§ **What you have to do**:
A faithful transcript of every entry is required; pictures do not belong in it.

§ **Records supplied**:
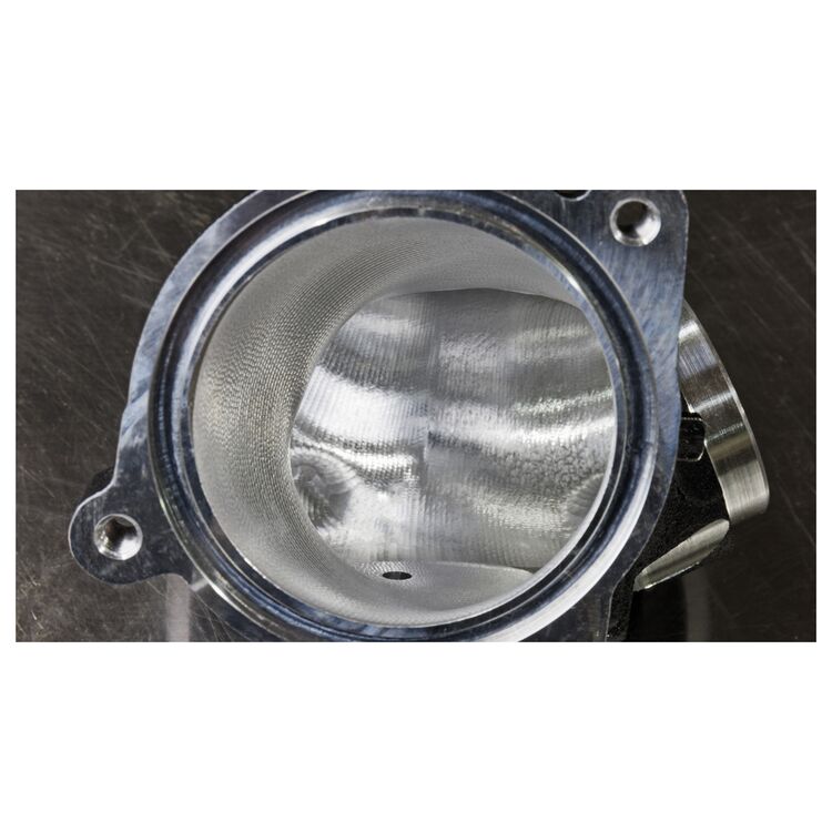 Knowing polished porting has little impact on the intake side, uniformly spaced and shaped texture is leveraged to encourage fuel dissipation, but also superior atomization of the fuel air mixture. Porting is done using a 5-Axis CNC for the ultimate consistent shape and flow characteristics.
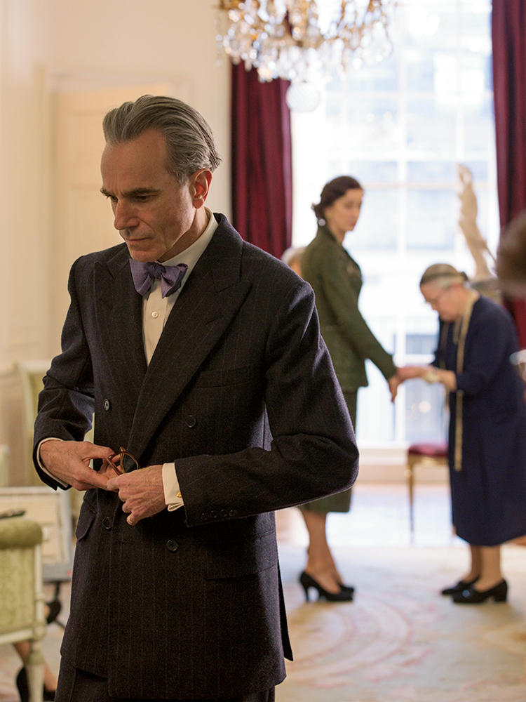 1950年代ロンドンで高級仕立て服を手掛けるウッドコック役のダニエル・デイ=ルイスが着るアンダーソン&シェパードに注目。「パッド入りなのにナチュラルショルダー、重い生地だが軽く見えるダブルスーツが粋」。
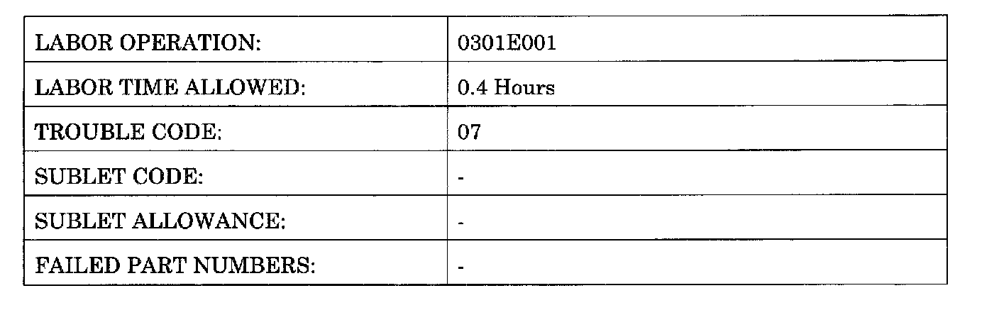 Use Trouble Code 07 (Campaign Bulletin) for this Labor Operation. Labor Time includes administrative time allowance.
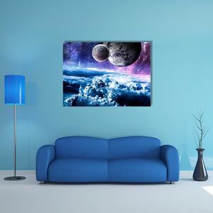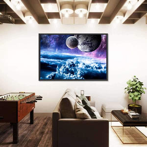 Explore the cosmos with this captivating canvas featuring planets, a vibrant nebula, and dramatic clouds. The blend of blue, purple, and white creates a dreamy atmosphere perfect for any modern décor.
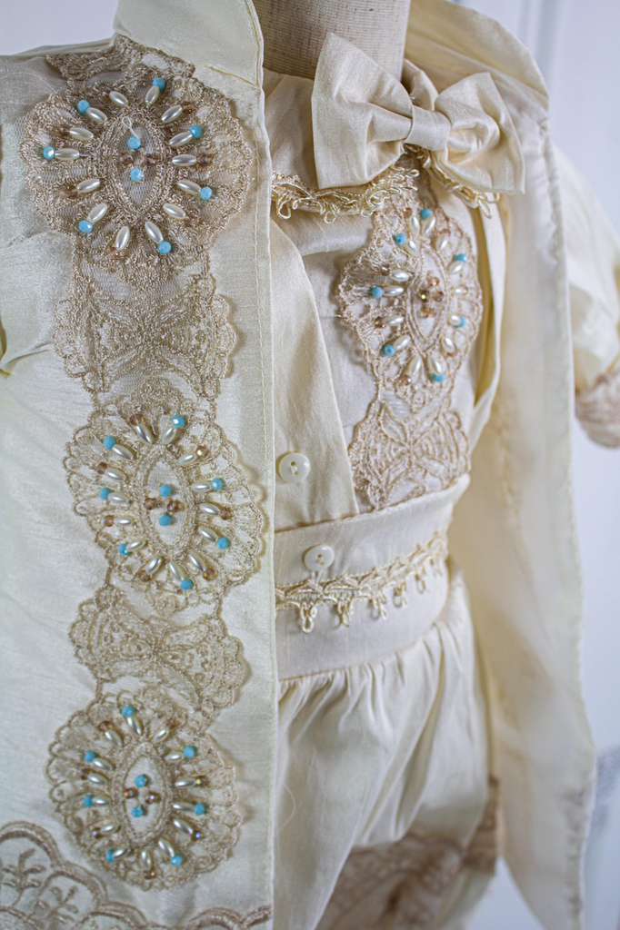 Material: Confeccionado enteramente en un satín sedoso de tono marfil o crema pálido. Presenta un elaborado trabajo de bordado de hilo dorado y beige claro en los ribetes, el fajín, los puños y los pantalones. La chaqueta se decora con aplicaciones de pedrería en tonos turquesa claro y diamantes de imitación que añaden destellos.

§ **Final answer**:
 Knowing polished porting has little impact on the intake side, uniformly spaced and shaped texture is leveraged to encourage fuel dissipation, but also superior atomization of the fuel air mixture. Porting is done using a 5-Axis CNC for the ultimate consistent shape and flow characteristics.
 1950年代ロンドンで高級仕立て服を手掛けるウッドコック役のダニエル・デイ=ルイスが着るアンダーソン&シェパードに注目。「パッド入りなのにナチュラルショルダー、重い生地だが軽く見えるダブルスーツが粋」。
 Use Trouble Code 07 (Campaign Bulletin) for this Labor Operation. Labor Time includes administrative time allowance.
 Explore the cosmos with this captivating canvas featuring planets, a vibrant nebula, and dramatic clouds. The blend of blue, purple, and white creates a dreamy atmosphere perfect for any modern décor.
 Material: Confeccionado enteramente en un satín sedoso de tono marfil o crema pálido. Presenta un elaborado trabajo de bordado de hilo dorado y beige claro en los ribetes, el fajín, los puños y los pantalones. La chaqueta se decora con aplicaciones de pedrería en tonos turquesa claro y diamantes de imitación que añaden destellos.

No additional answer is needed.